I say this now to my less techy friends – Microsoft doesn’t just call you up to offer you technical support out of the blue and its a bad idea to do anything on your computer that a random caller asks for. I am shocked by this behaviour but really do not know what to do  – Ive no idea where they got my phone number from, or who i would report such things to.  I am sure there are people out there that do get caught out by this kind of con – it makes me fairly angry, and want to do something about it, actually knowing that theres a person out there – a seemingly harmless indian woman who is willing to help someone hack me – it makes it personal, and offensive – that someone i don’t know wants to cause me harm. Social engineering – actually doing what someone tells you is probably the easiest pay off for a hacker – rather than try to compromise your systems they actually manipulate you into giving key information – be it an actual password or tricking you into installing “diagnostics” software.

There are bastards out there. Be careful!

Scamming me on Skype.

I recieved the following on Skype of all things lag night:

Hello Owen am George Boateng a Chartered Accountant by profession with over sixteen (16) years working experience in the Ghana banking sector, however i have with me an important business to share with you which will be of great benefit to both of us because it is in connection with your name and a citizen of your country called Mr. Shafi A. Owen who had a fixed deposit with my bank in 2006 valued at over $14,400.000 Million United state Dollars which the due date for this deposit contract was on the 16th of September 2009. Sadly Mr. Shafi was among the death victims in the May 12th 2008 China earthquake that left over 67,000 people dead.
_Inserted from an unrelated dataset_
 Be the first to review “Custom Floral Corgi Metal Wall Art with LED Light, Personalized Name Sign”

My bank management is yet to know about his death and i knew about it because am his account officer who open the account for him, meanwhile Mr. Shafi did not mention any Next of Kin / Heir when the account was opened and last week my Bank Management requested that Mr. Shafi should give instructions on what to do about his funds and this is why have been looking for a means to handle the situation because if my Bank Management happens to know that Mr. Shafi is dead and do not have any heir they will take the money for their personal use and i don’t want such to happen.

That was why when i saw your name i was happy and am now seeking your co-operation to present you as Next of Kin to the account since you have the same name with him and my bank will release the account to you with my help in activating your full name in to our bank data base system as the beneficiary to Mr. Shafi so as to enable you to claim the funds and this transaction will be executed under a legitimate arrangement that will protect you from any breach of law, It is better that we claim the money than allowing the Bank management to take it. I am not a greedy person so I suggest we share the funds equal 50% / 50% to both parties, let me know your mind on this and do treat this information as Top Secret while i send to you the full details and documentation once i receive your urgent response by email.
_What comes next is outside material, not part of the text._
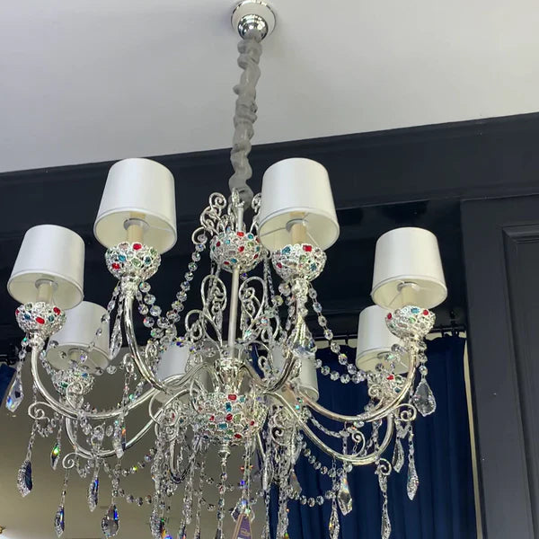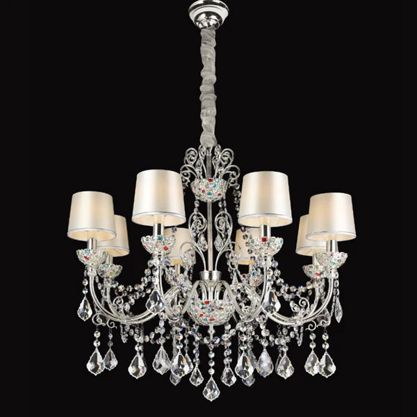 Luxury Candle Light Colorful Crystal Chandelier in Silver Finish

Best Regards George Boateng

Email: georgeboateng1960@gmail.com

…how stupid do these people think we are – variations on this scam have been going on for years, and the frightening thing for me is that if they keep trying this they must have some kind of success rate even if it’s small. I am sure I have ranted about hoaxes before when people send me this stuff through the net without even trying to verify it.
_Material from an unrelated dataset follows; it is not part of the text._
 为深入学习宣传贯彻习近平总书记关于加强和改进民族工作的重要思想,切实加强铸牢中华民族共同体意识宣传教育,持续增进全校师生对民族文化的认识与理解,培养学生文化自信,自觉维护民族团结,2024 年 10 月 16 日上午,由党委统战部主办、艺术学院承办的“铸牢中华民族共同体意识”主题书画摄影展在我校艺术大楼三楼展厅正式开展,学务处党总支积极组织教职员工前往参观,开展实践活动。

Please, if anyone ever recieves one of these please discard it. If your tempted to take it seriously at least google the details of the mails with the works hoax and scam. If it sounds to good to be true it normally is – thought in the case above there are several reasons it looks stupid!

Passwords

Breaking into Windows.

Restricting physical access to computers and password protecting the BIOS is essential – it doesn’t matter if your running windows Xp, windows 7, windows server 2008 or any other operating system!  
 
The other day at work we had a server that had a broken domain connection and we had no idea of the system password. Literally we downloaded a tool, burned it to DVD and just restarted the computer – from there within 5 minutes we had reset the admin password and gained system access. 
 
There are some important lessons there that would have stopped or slowed us down 
 

  1. Encrypt your system drive using something like bit locker – if we couldn’t access the SAM on the local operating system we couldn’t have done it.  
  2. Make sure your BIOS disables booting from anywhere but your system drive – we could have done this from a USB or CD  
  3. Make sure your BIOS is password protected  
  4. Restrict physical access to the system – even with all the measures above there are ways in if you are imaginative with some knowledge of hardware
  5. Bear in mind we can do the same trick with virtual machines

 
As I said in our case we had permission to access the system – but someone with bad intentions could also get in the same way. Security is commonly not given importance until an incident when it is suddenly too late. 
 

Advanced searching with Google

There are lots of really powerful things you can do with google, particularly if your a bad person, and don’t care about the law! I present a few things here because many administrators and site owners pay little attention to securing their sites, and theres a mistaken perception in some places that obscurity is a form of security – this couldn’t be further from the truth. So some things you may have missed – try typing them into google search! These are examples to prove a point.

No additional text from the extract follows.